Towards a Real-time Measure of the Perception of Anthropomorphism in
Human-robot Interaction
- URL: http://arxiv.org/abs/2201.09595v1
- Date: Mon, 24 Jan 2022 11:10:37 GMT
- Title: Towards a Real-time Measure of the Perception of Anthropomorphism in
Human-robot Interaction
- Authors: Maria Tsfasman, Avinash Saravanan, Dekel Viner, Daan Goslinga, Sarah
de Wolf, Chirag Raman, Catholijn M. Jonker, Catharine Oertel
- Abstract summary: We conducted an online human-robot interaction experiment in an educational use-case scenario.
43 English-speaking participants took part in the study.
We found that the degree of subjective and objective perception of anthropomorphism positively correlates with acoustic-prosodic entrainment.

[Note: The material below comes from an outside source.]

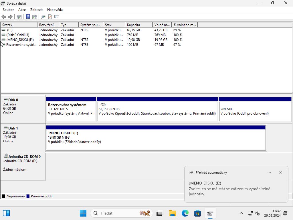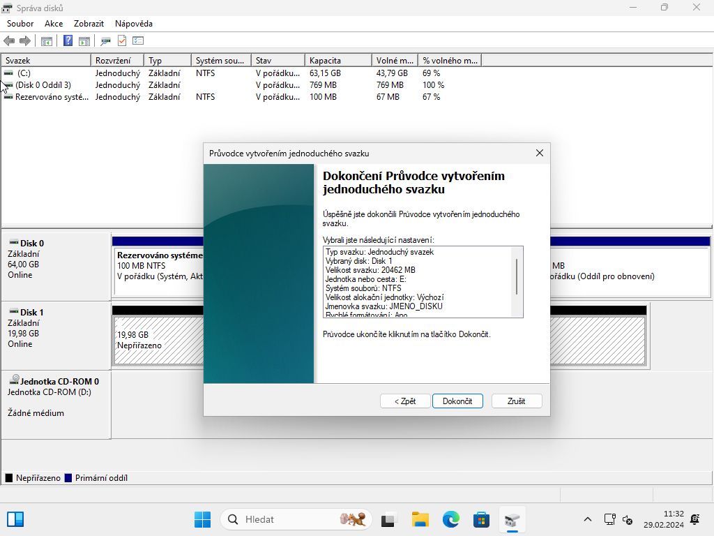 Po otevření správce disku vyskočí okno Inicializace disku, kde vybereme v typ oddílu: GPT a potvrdíme OK.

- Score: 5.112850258732114
- License: http://creativecommons.org/licenses/by/4.0/
- Abstract: How human-like do conversational robots need to look to enable long-term
human-robot conversation? One essential aspect of long-term interaction is a
human's ability to adapt to the varying degrees of a conversational partner's
engagement and emotions. Prosodically, this can be achieved through
(dis)entrainment. While speech-synthesis has been a limiting factor for many
years, restrictions in this regard are increasingly mitigated. These
advancements now emphasise the importance of studying the effect of robot
embodiment on human entrainment. In this study, we conducted a between-subjects
online human-robot interaction experiment in an educational use-case scenario
where a tutor was either embodied through a human or a robot face. 43
English-speaking participants took part in the study for whom we analysed the
degree of acoustic-prosodic entrainment to the human or robot face,
respectively. We found that the degree of subjective and objective perception
of anthropomorphism positively correlates with acoustic-prosodic entrainment.